About this exercise: Go through the listing below, and from the line containing "Statuina funeraria mummiforme, di" through its last line, transcribe every line exactly, skipping pictures.

─── Data section

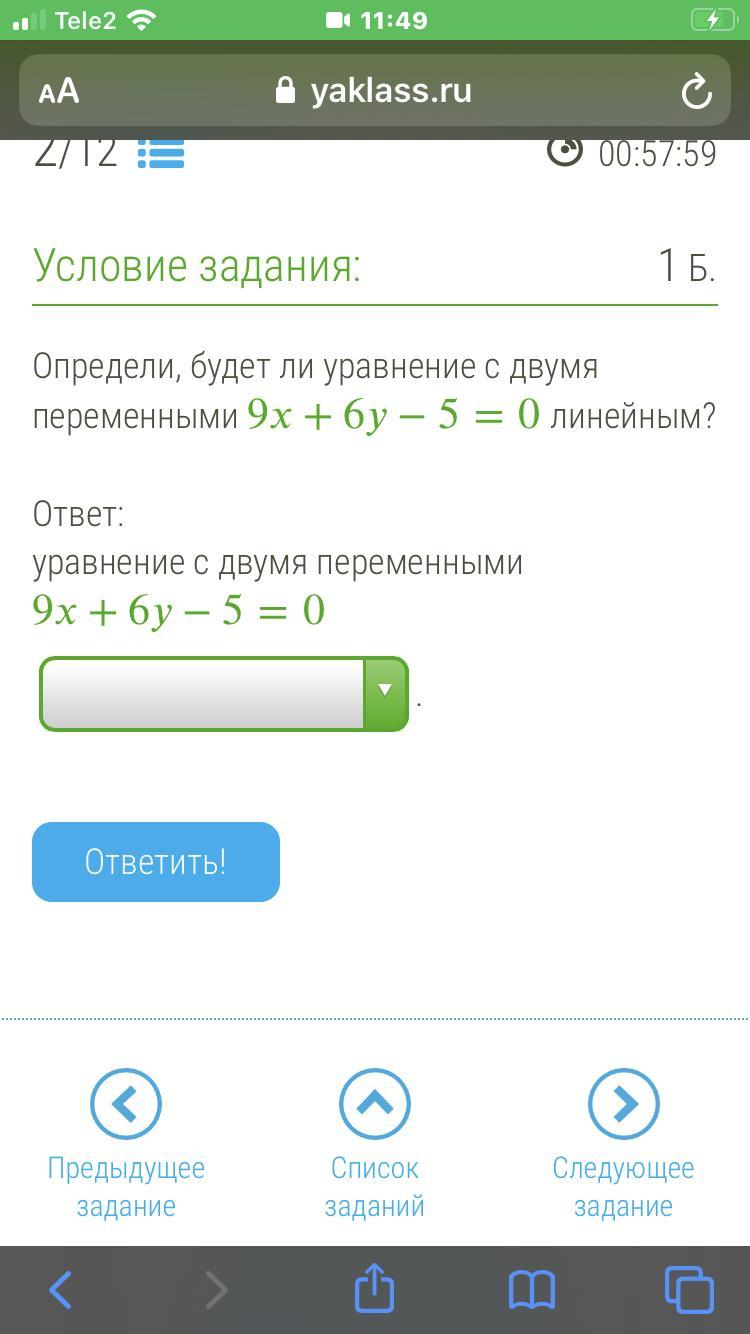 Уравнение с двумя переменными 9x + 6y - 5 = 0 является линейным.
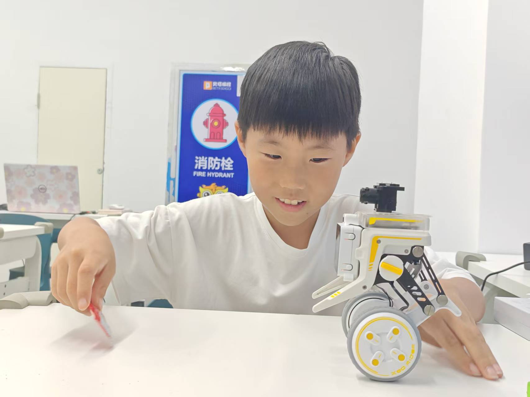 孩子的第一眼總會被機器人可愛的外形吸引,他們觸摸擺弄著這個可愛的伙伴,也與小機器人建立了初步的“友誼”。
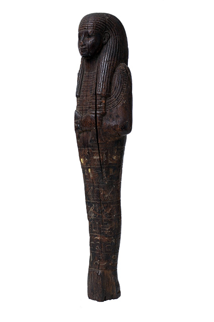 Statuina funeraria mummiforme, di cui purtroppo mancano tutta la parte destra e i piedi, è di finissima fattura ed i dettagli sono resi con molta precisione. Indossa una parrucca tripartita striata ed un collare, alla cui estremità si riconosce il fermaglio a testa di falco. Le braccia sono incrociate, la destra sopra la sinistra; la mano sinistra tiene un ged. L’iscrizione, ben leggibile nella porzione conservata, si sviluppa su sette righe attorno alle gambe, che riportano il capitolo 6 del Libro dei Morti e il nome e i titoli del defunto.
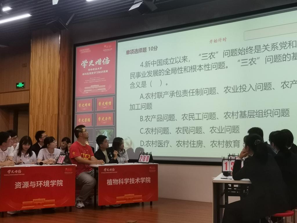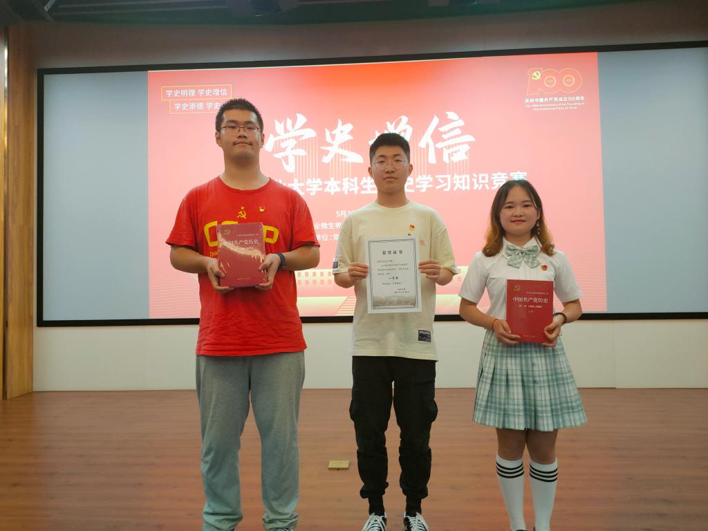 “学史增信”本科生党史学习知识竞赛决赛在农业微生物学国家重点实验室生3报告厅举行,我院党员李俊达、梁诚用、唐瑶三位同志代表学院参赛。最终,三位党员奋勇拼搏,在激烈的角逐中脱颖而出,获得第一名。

──────

Completed task:
 Statuina funeraria mummiforme, di cui purtroppo mancano tutta la parte destra e i piedi, è di finissima fattura ed i dettagli sono resi con molta precisione. Indossa una parrucca tripartita striata ed un collare, alla cui estremità si riconosce il fermaglio a testa di falco. Le braccia sono incrociate, la destra sopra la sinistra; la mano sinistra tiene un ged. L’iscrizione, ben leggibile nella porzione conservata, si sviluppa su sette righe attorno alle gambe, che riportano il capitolo 6 del Libro dei Morti e il nome e i titoli del defunto.
 “学史增信”本科生党史学习知识竞赛决赛在农业微生物学国家重点实验室生3报告厅举行,我院党员李俊达、梁诚用、唐瑶三位同志代表学院参赛。最终,三位党员奋勇拼搏,在激烈的角逐中脱颖而出,获得第一名。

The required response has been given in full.